**Exercise instructions:** Take the records below and extract, word for word, the lines from the one containing "Per porre rimedio, come" through the final line, inclusive. Omit pictures.

**Entries supplied:**
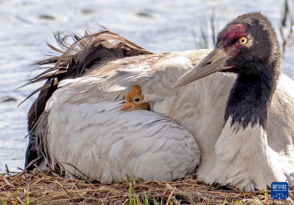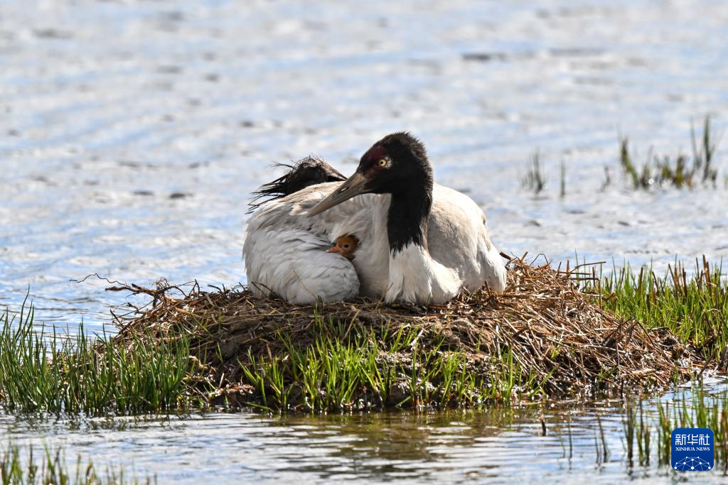 一對黑頸鶴在那曲市申扎縣的濕地上照顧剛出殼的雛鳥,一只將其護(hù)在身下保持溫暖,另一只則在旁保持警戒(6月4日攝)。新華社記者 姜帆 攝 ??
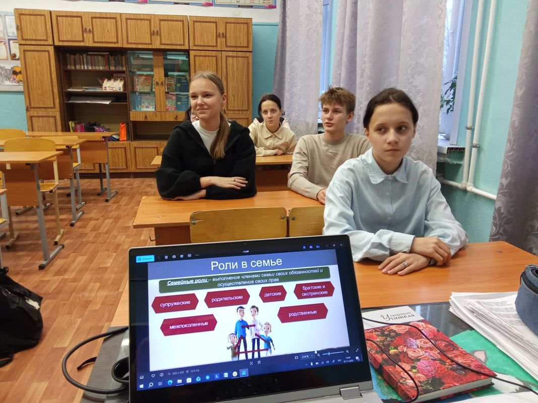Занятие началось с оживленной дискуссии на тему «Роль мужчины в семье». Ученики 5-6 классов делились своими первыми представлениями, часто основанными на примерах из собственных семей: «папа зарабатывает деньги», «чинит машину», «защищает нас». Старшеклассники (7-9 классы) внесли в разговор нюансы, отметив, что роль не ограничивается только традиционными «добытчиком» и «защитником».
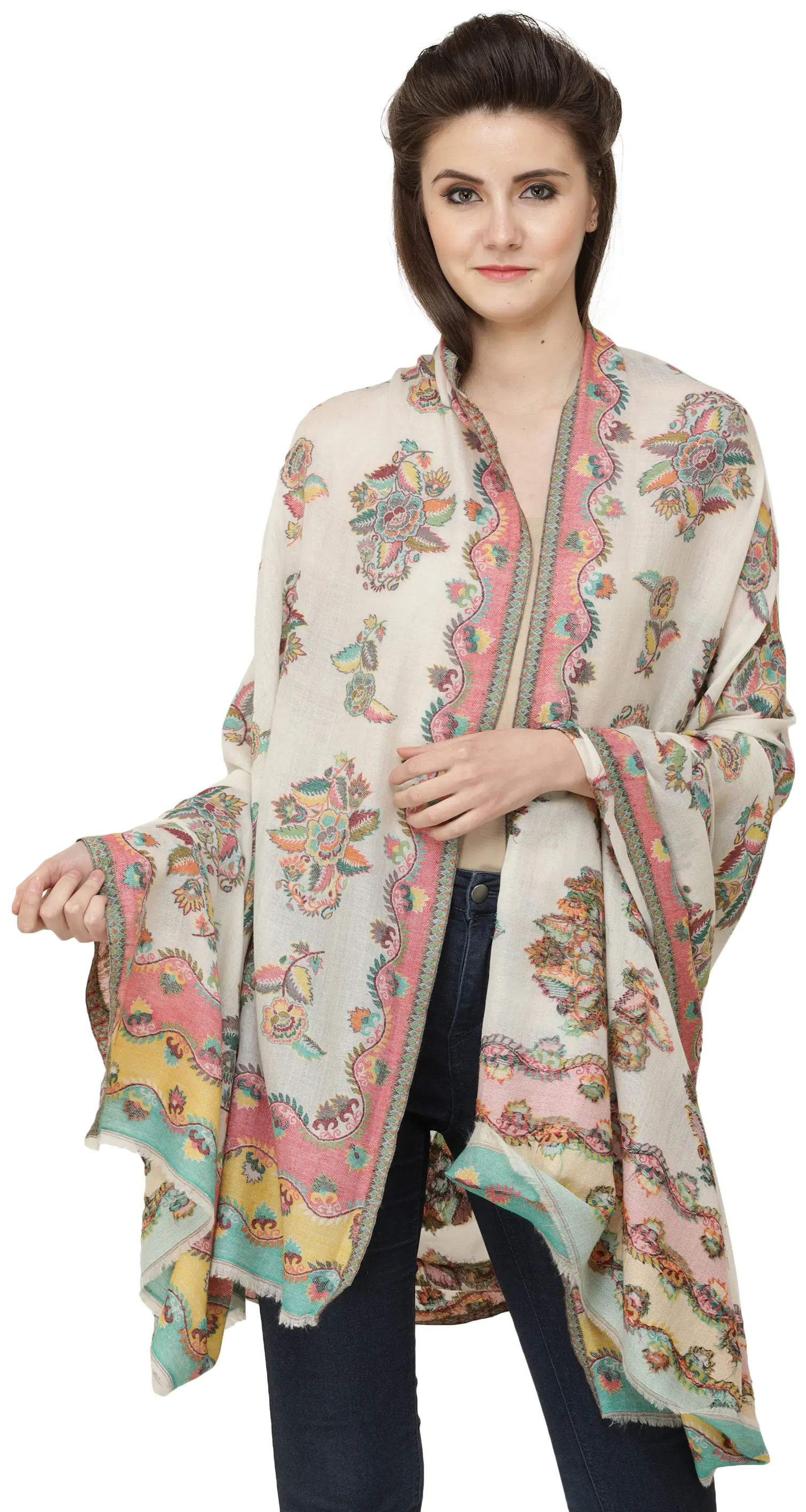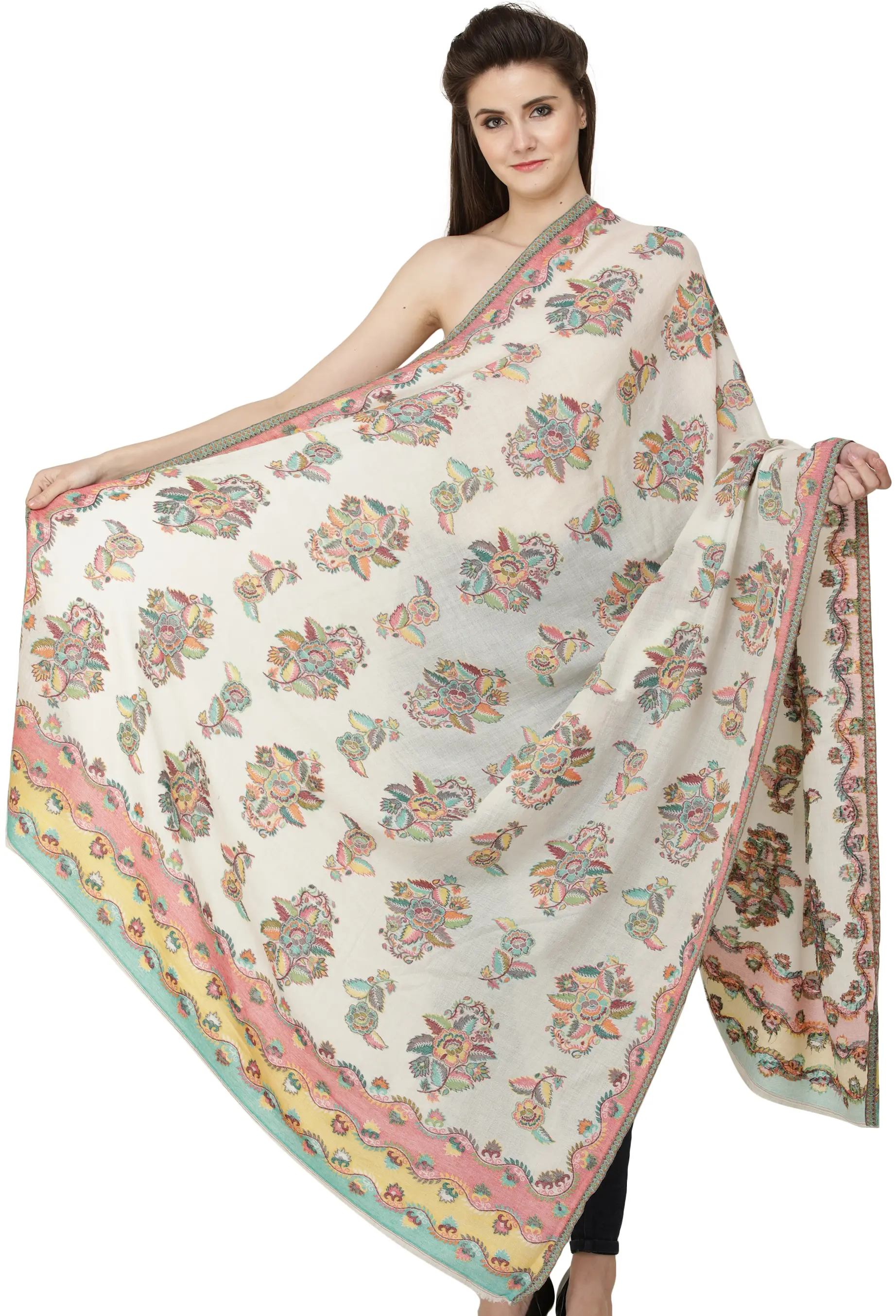 Pure Pashmina Kani Shawl with Heavily Multicolor Sozni Hand-Embroidered Paisleys and Flowers
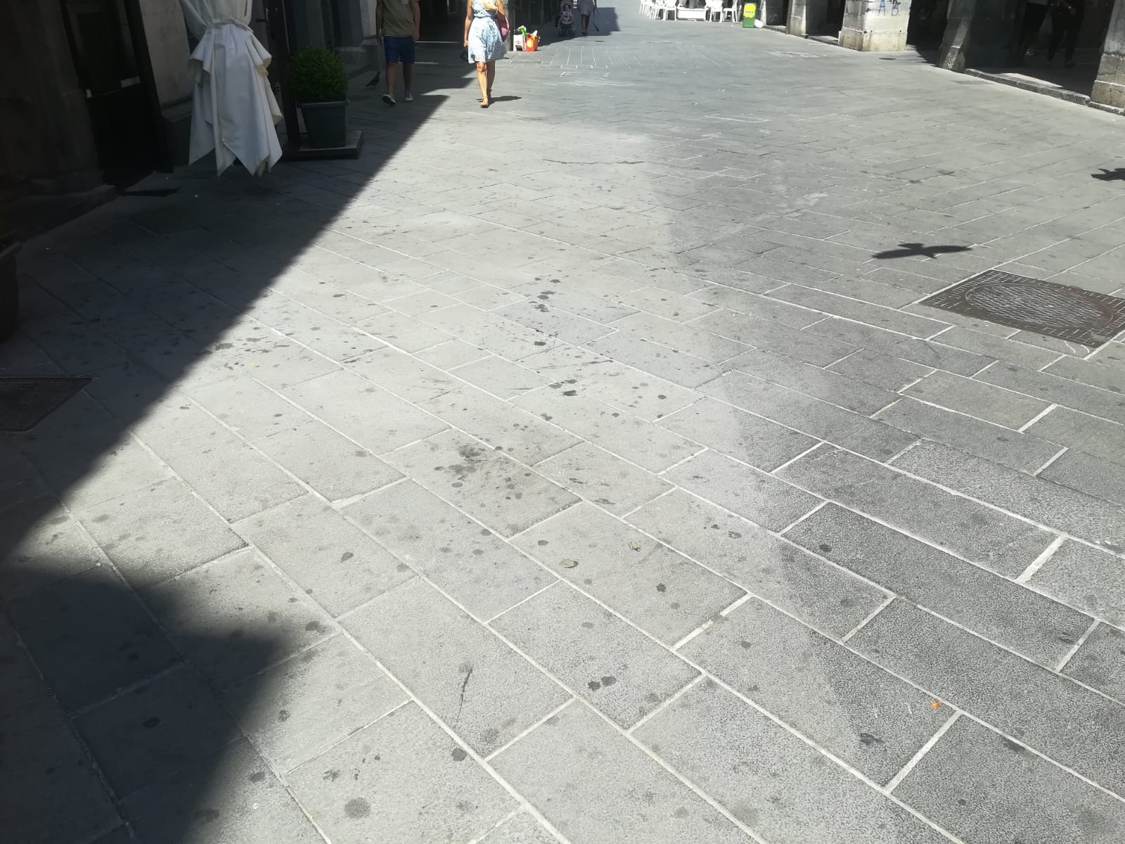 Per porre rimedio, come si evince dalle foto, e pulire il selciato sono state utilizzate sostanze speciali che, nell’intento di pulire (involontariamente, s’intende), hanno vistosamente sbiancato una porzione del pavimento del corso. Brutto a vedersi, e certamente non da tollerarsi.
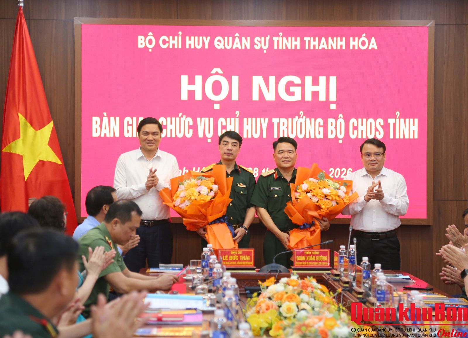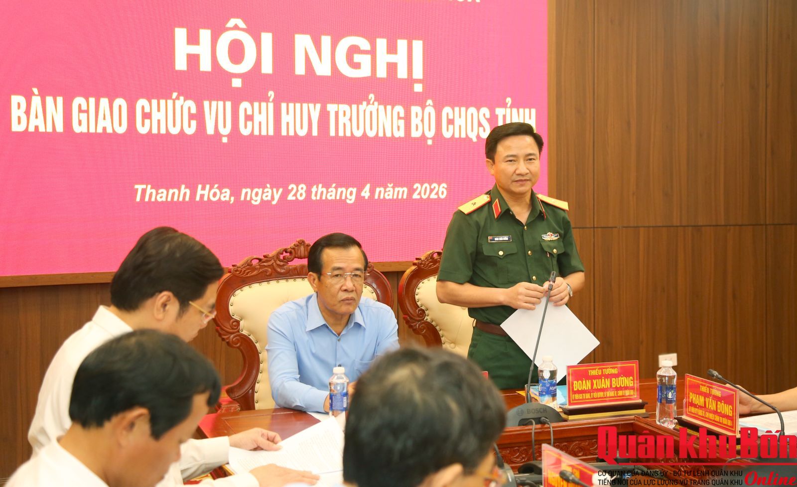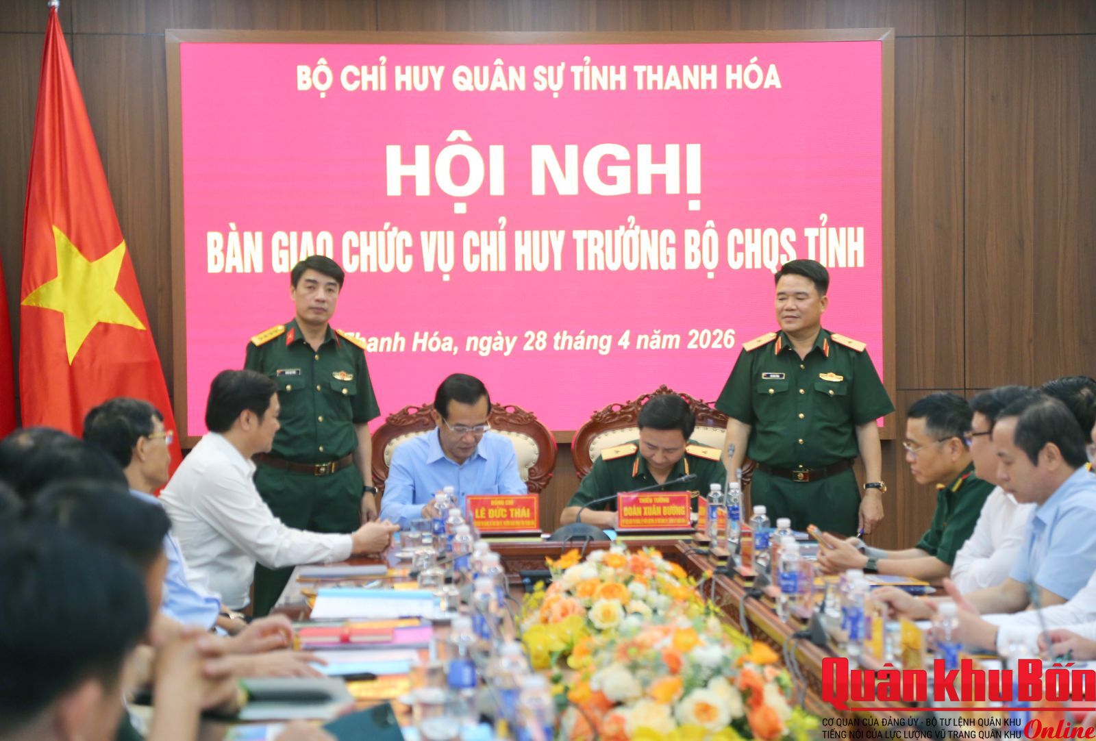Chiều 28/4/2026, trong không khí trang trọng, Bộ Chỉ huy Quân sự (CHQS) tỉnh Thanh Hóa tổ chức Hội nghị bàn giao chức vụ Chỉ huy trưởng Bộ CHQS tỉnh.
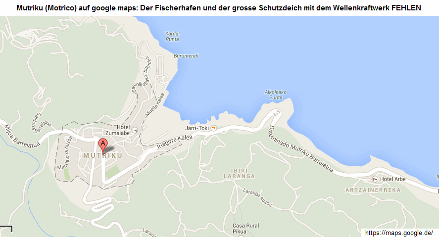 [6] Mutriku (Motrico) auf der Karte von google maps: Der Fischerhafen, der grosse Schutzdeich und das Wellenkraftwerk fehlen: google maps
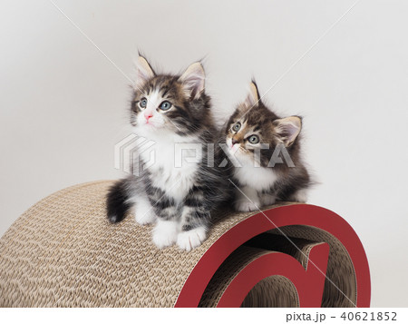 @の形をした爪研ぎに乗った二匹の子猫
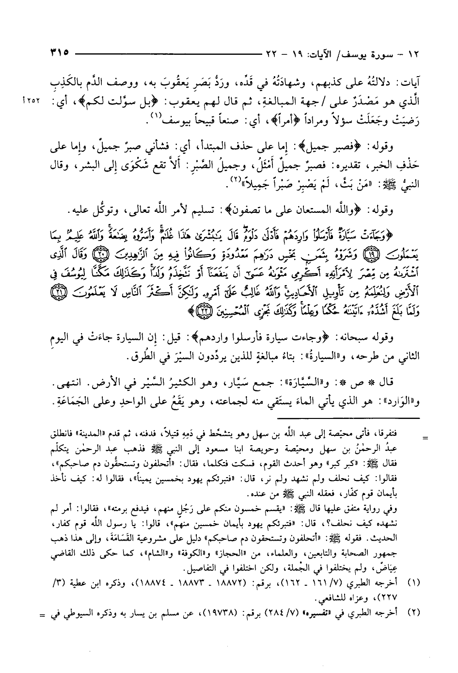 وقوله سبحانه: وَجاءَتْ سَيَّارَةٌ فَأَرْسَلُوا وارِدَهُمْ: قيل: إِن السيارة جاءَتْ في اليومِ الثاني من طرحه، و «السيارةُ» : بتاءُ مبالغةٍ للذين يردِّدون السيْرَ في الطُرق.
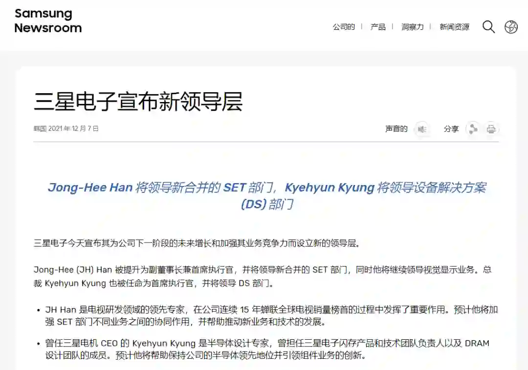 今日,三星电子通过官方网站宣布公司将合并移动和消费电子部门,并进行了一系列的人事改组。三星正把业务重点放在不断增长的逻辑芯片业务上。三星提拔视觉显示业务主管 Jong-Hee Han 为副会长兼联席 CEO,领导由移动和消费电子业务合并的新部门;提拔三星电机 CEO Kyehyun Kyung 为联席 CEO,领导芯片和组件部门。三星电子表示,新任命是“为了公司未来增长的下一阶段并加强其业务竞争力”。
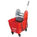 O Conjunto Doblô 30 litros é um equipamento de limpeza formado pelos seguintes itens:Balde com sistema de 2 águas com divisória para 18 e 12 litros;Espremedor com pressão superior,MC39Um dreno de escoamento de água suja eRodízios para facilitar seu deslocamento.A primeira divisória recebe água com o agente químico para limpeza do piso; a segunda divisória será o recipiente da água limpa para enxágue do o refil que efetuará a remoção das sujidades da superfície a ser limpa.
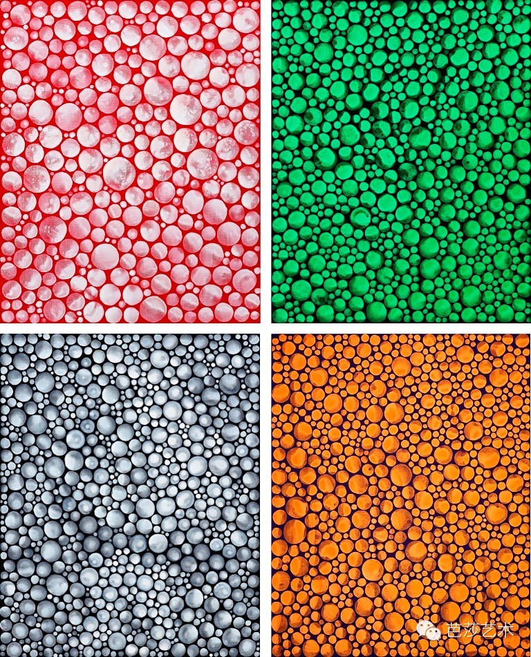 草间弥生《圆点的积累;绿之季节;圆点的积累——及夕照》,压克力画布(共四件),每幅:91 x 72.7 cm,估价:HK$5,000,000-7,000,000 US$641,000 -897,400

**Solution below:**
 Per porre rimedio, come si evince dalle foto, e pulire il selciato sono state utilizzate sostanze speciali che, nell’intento di pulire (involontariamente, s’intende), hanno vistosamente sbiancato una porzione del pavimento del corso. Brutto a vedersi, e certamente non da tollerarsi.
Chiều 28/4/2026, trong không khí trang trọng, Bộ Chỉ huy Quân sự (CHQS) tỉnh Thanh Hóa tổ chức Hội nghị bàn giao chức vụ Chỉ huy trưởng Bộ CHQS tỉnh.
 [6] Mutriku (Motrico) auf der Karte von google maps: Der Fischerhafen, der grosse Schutzdeich und das Wellenkraftwerk fehlen: google maps
 @の形をした爪研ぎに乗った二匹の子猫
 وقوله سبحانه: وَجاءَتْ سَيَّارَةٌ فَأَرْسَلُوا وارِدَهُمْ: قيل: إِن السيارة جاءَتْ في اليومِ الثاني من طرحه، و «السيارةُ» : بتاءُ مبالغةٍ للذين يردِّدون السيْرَ في الطُرق.
 今日,三星电子通过官方网站宣布公司将合并移动和消费电子部门,并进行了一系列的人事改组。三星正把业务重点放在不断增长的逻辑芯片业务上。三星提拔视觉显示业务主管 Jong-Hee Han 为副会长兼联席 CEO,领导由移动和消费电子业务合并的新部门;提拔三星电机 CEO Kyehyun Kyung 为联席 CEO,领导芯片和组件部门。三星电子表示,新任命是“为了公司未来增长的下一阶段并加强其业务竞争力”。
 O Conjunto Doblô 30 litros é um equipamento de limpeza formado pelos seguintes itens:Balde com sistema de 2 águas com divisória para 18 e 12 litros;Espremedor com pressão superior,MC39Um dreno de escoamento de água suja eRodízios para facilitar seu deslocamento.A primeira divisória recebe água com o agente químico para limpeza do piso; a segunda divisória será o recipiente da água limpa para enxágue do o refil que efetuará a remoção das sujidades da superfície a ser limpa.
 草间弥生《圆点的积累;绿之季节;圆点的积累——及夕照》,压克力画布(共四件),每幅:91 x 72.7 cm,估价:HK$5,000,000-7,000,000 US$641,000 -897,400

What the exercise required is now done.